━━━ Listed records ━━━

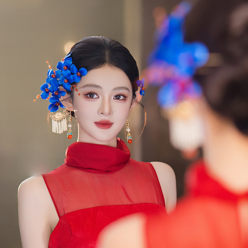 新娘国风高级感小众手工复古蓝色绒花发簪古风汉服结婚新中式发饰
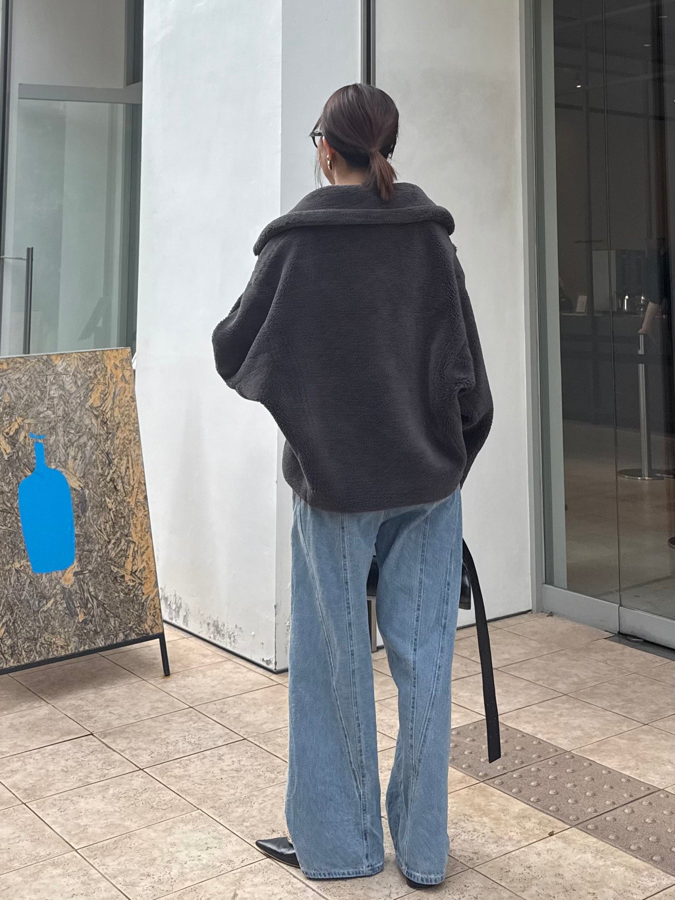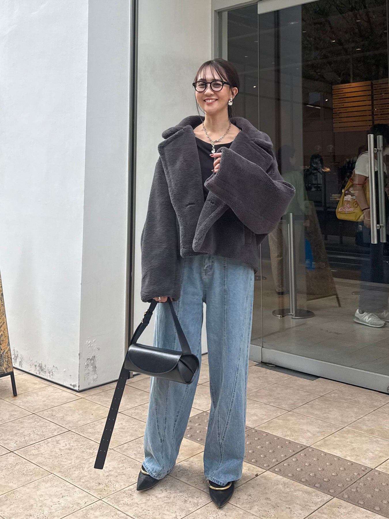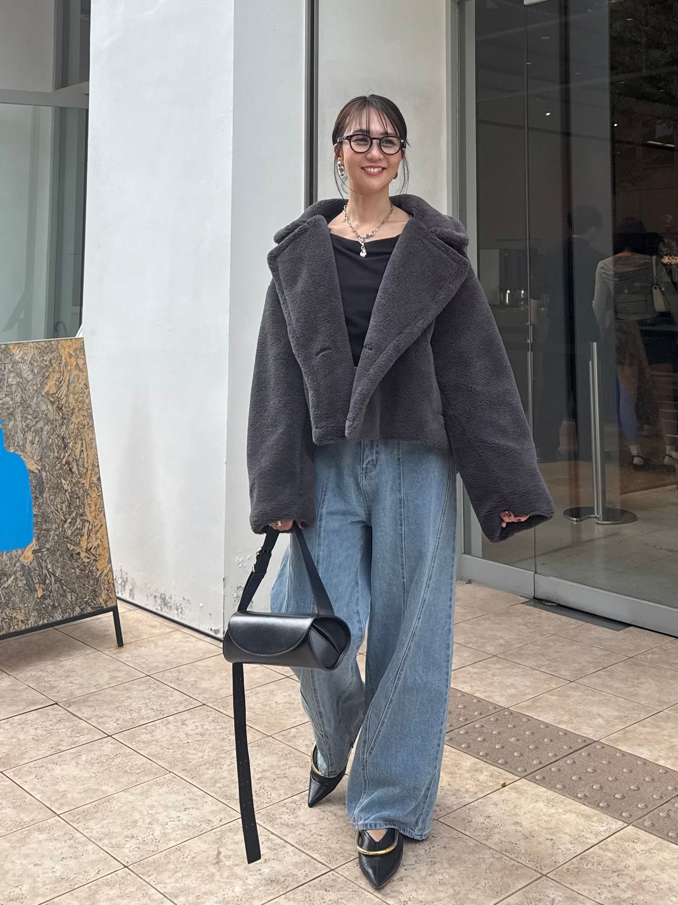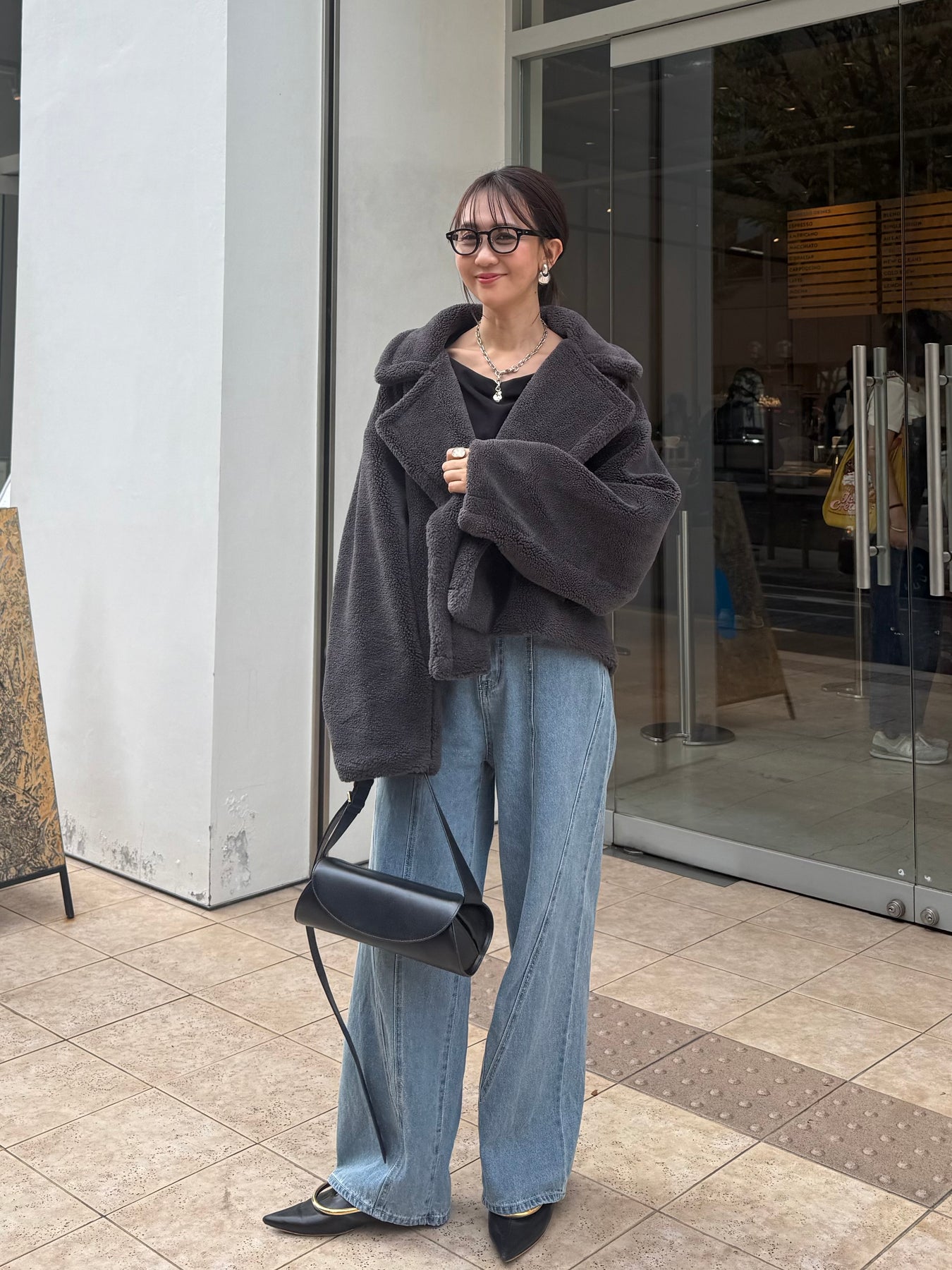 [SET]ボアショートコート / チャコールグレー + 切替えストレートデニムパンツ / ブルー
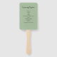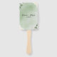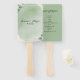 These wedding program fans feature a soft sage green watercolor backdrop framed by a delicate double white border, with airy eucalyptus sprigs and tiny blossoms accenting the edges for a romantic, garden-inspired look. The clean, spacious layout leaves ample room for your ceremony details while the fan shape keeps guests cool and comfortable, perfectly coordinating with the rest of your elegant botanical stationery suite.
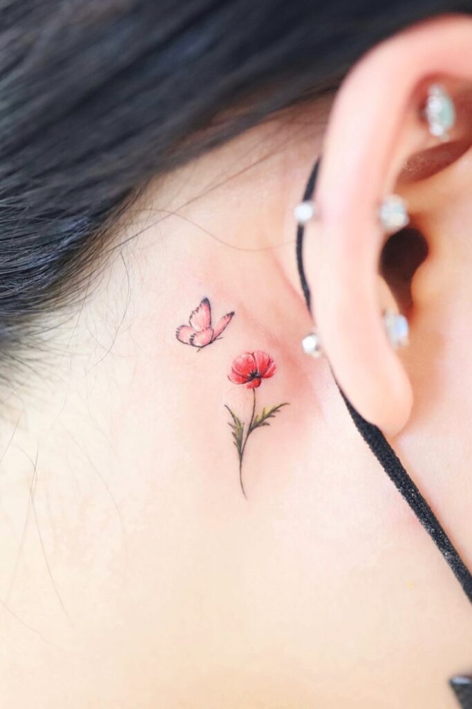 This tiny butterfly and red poppy bloom by vane.tattoo_ rest just behind the ear, giving off an ethereal and feminine vibe.
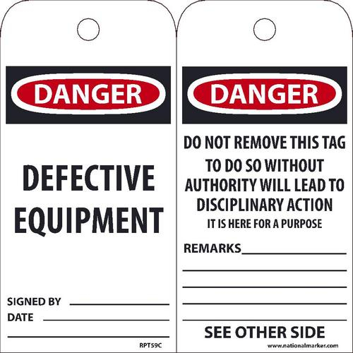 NMC, RPT59C, "Danger Defective Equipment" Tag, 1 Top Center Hole
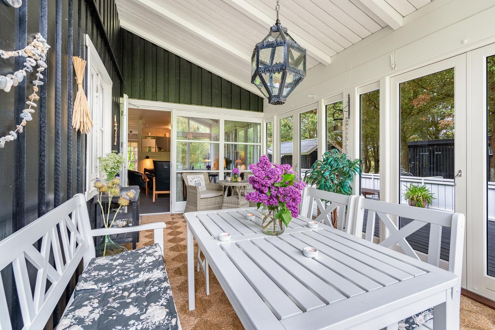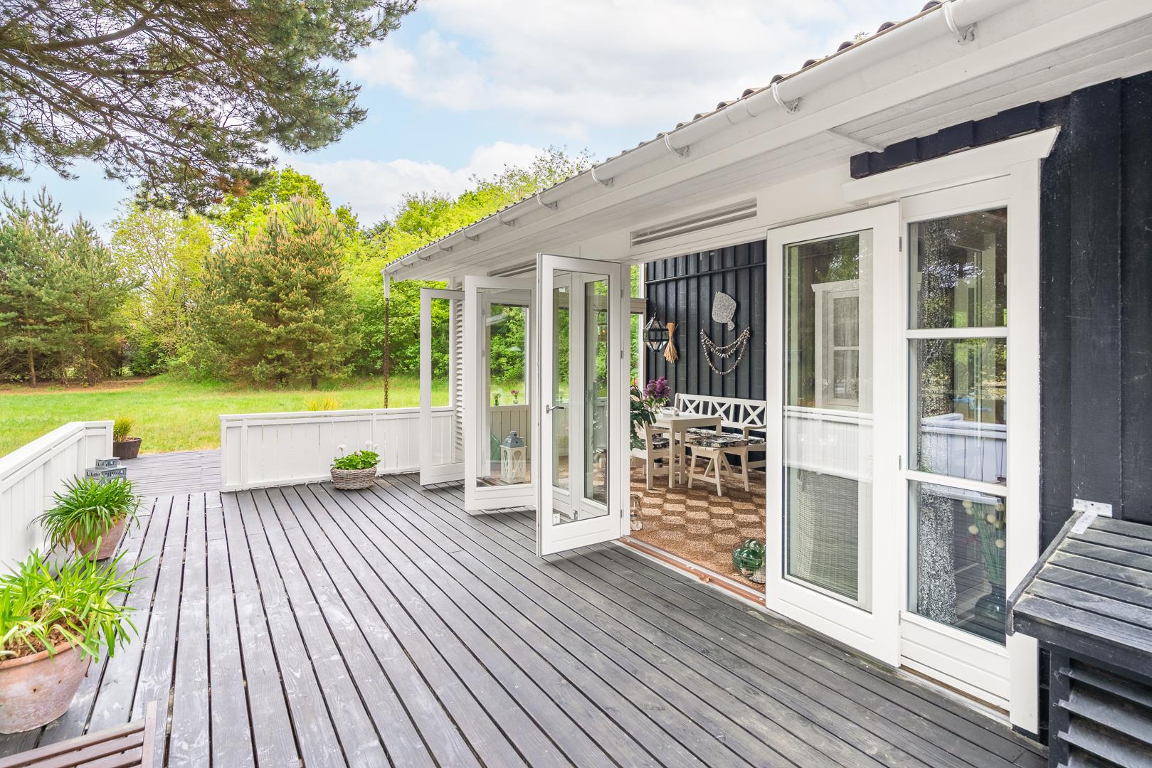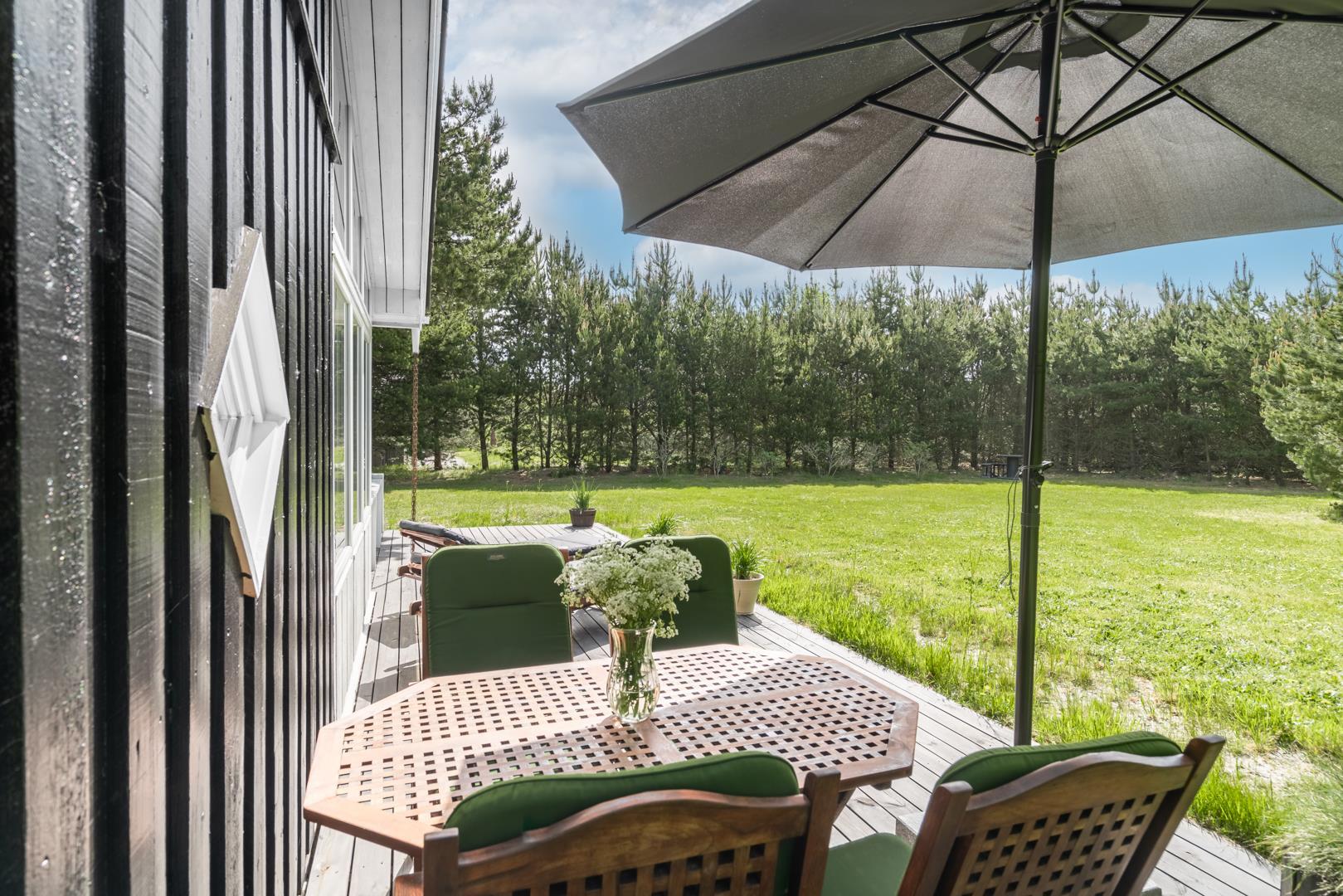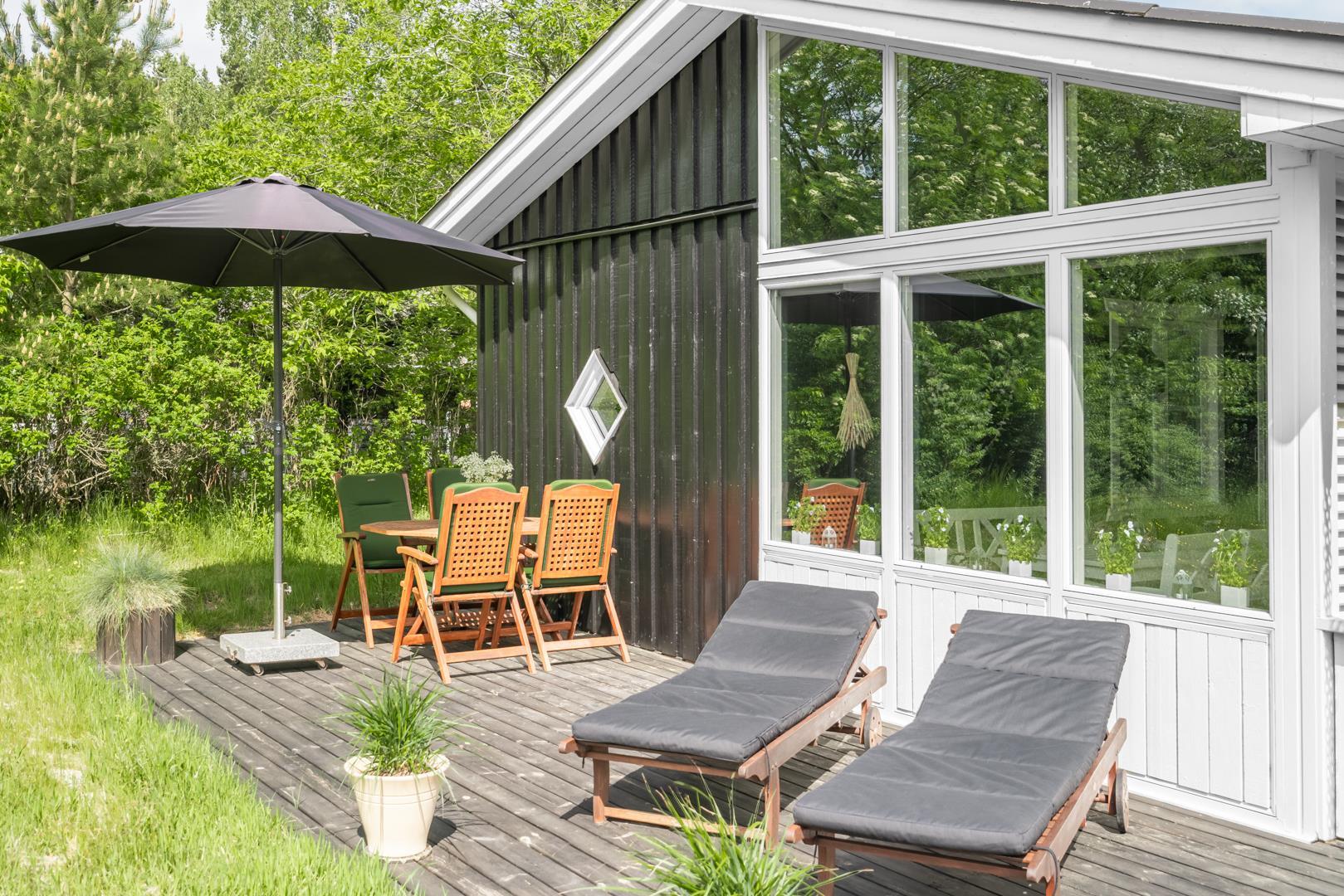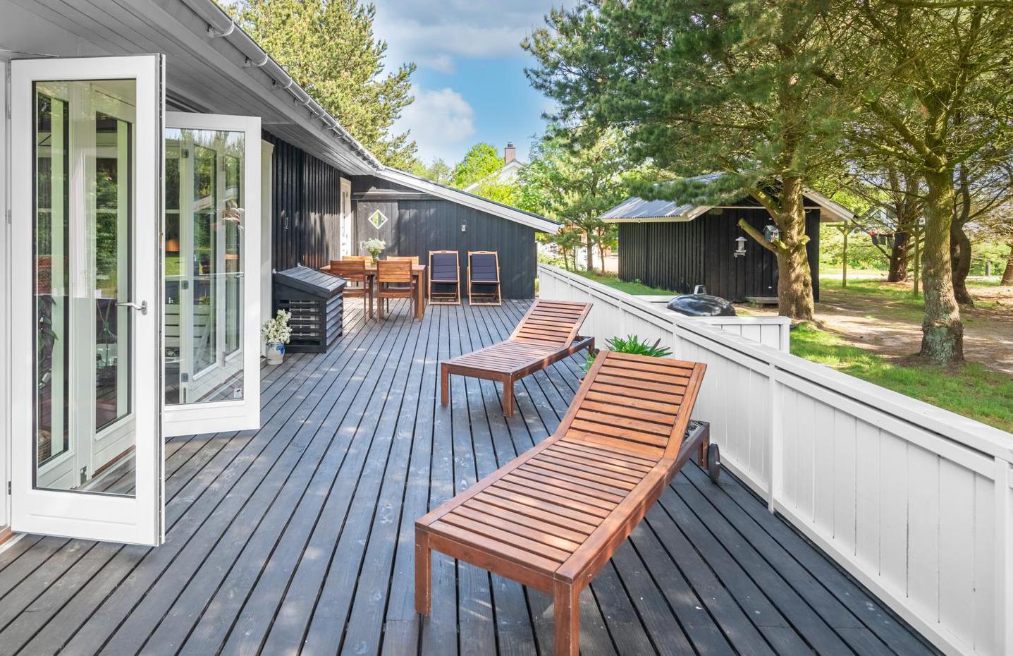 Außerdem gibt es eine kleine Holzterrasse mit guten Gartenmöbeln auf der Westseite des Hauses.
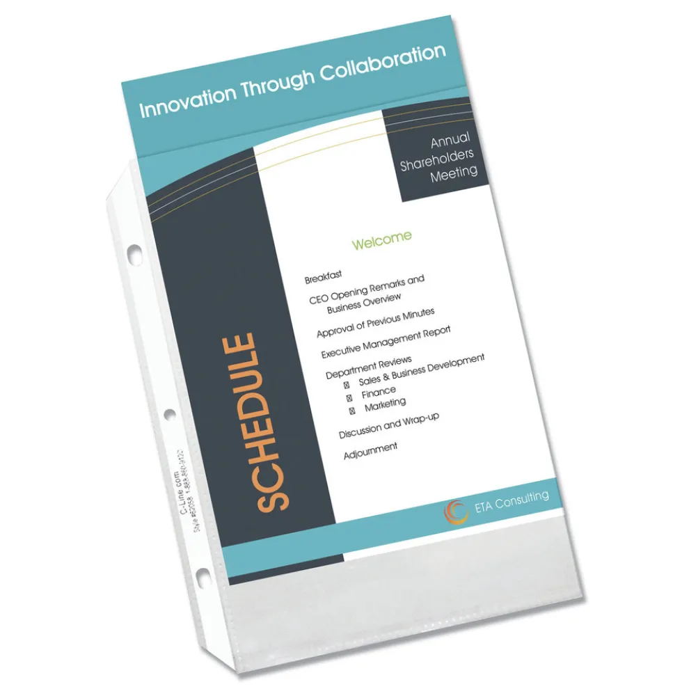 C-Line 62058 3-Hole Punched Top Load 5.5 in. x 8.5 in. Insert Heavy-Duty Polypropylene Sheet Protectors – Clear Front (50/Box)
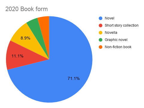 - Novels were still the dominant form of book, followed by short story collections which I fell in love with in 2020.
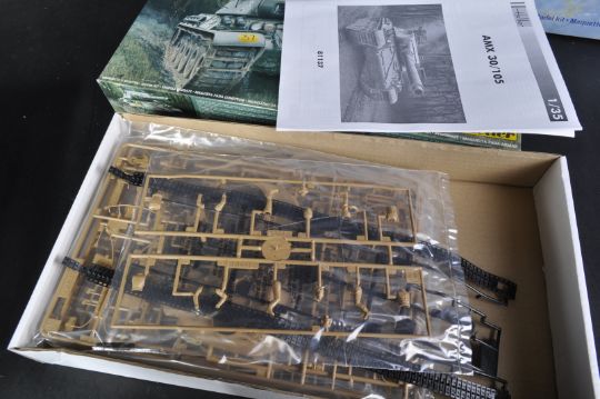 A collection of x5 large scale Military themed plastic model kits to include; Mini Hobby Models 1/200 scale U-Boat Type IX B Warship, Heller 1/35 scale AMX 30/105 Tank, Trumpeter 1/32 scale The Plaaf MiG-15 Bis Fighter, Frog Model Kits 1/32 scale Mikoyan Gurevich MiG 15bis Fighter and Mirage Hobby 1/35 scale Uniwersalny Transporter C7P. All kits appearing unused within original boxes.

━━━

# Work required
Give back the records above exactly. Pictures stay out.

# Output of the task
 新娘国风高级感小众手工复古蓝色绒花发簪古风汉服结婚新中式发饰
 [SET]ボアショートコート / チャコールグレー + 切替えストレートデニムパンツ / ブルー
 These wedding program fans feature a soft sage green watercolor backdrop framed by a delicate double white border, with airy eucalyptus sprigs and tiny blossoms accenting the edges for a romantic, garden-inspired look. The clean, spacious layout leaves ample room for your ceremony details while the fan shape keeps guests cool and comfortable, perfectly coordinating with the rest of your elegant botanical stationery suite.
 This tiny butterfly and red poppy bloom by vane.tattoo_ rest just behind the ear, giving off an ethereal and feminine vibe.
 NMC, RPT59C, "Danger Defective Equipment" Tag, 1 Top Center Hole
 Außerdem gibt es eine kleine Holzterrasse mit guten Gartenmöbeln auf der Westseite des Hauses.
 C-Line 62058 3-Hole Punched Top Load 5.5 in. x 8.5 in. Insert Heavy-Duty Polypropylene Sheet Protectors – Clear Front (50/Box)
 - Novels were still the dominant form of book, followed by short story collections which I fell in love with in 2020.
 A collection of x5 large scale Military themed plastic model kits to include; Mini Hobby Models 1/200 scale U-Boat Type IX B Warship, Heller 1/35 scale AMX 30/105 Tank, Trumpeter 1/32 scale The Plaaf MiG-15 Bis Fighter, Frog Model Kits 1/32 scale Mikoyan Gurevich MiG 15bis Fighter and Mirage Hobby 1/35 scale Uniwersalny Transporter C7P. All kits appearing unused within original boxes.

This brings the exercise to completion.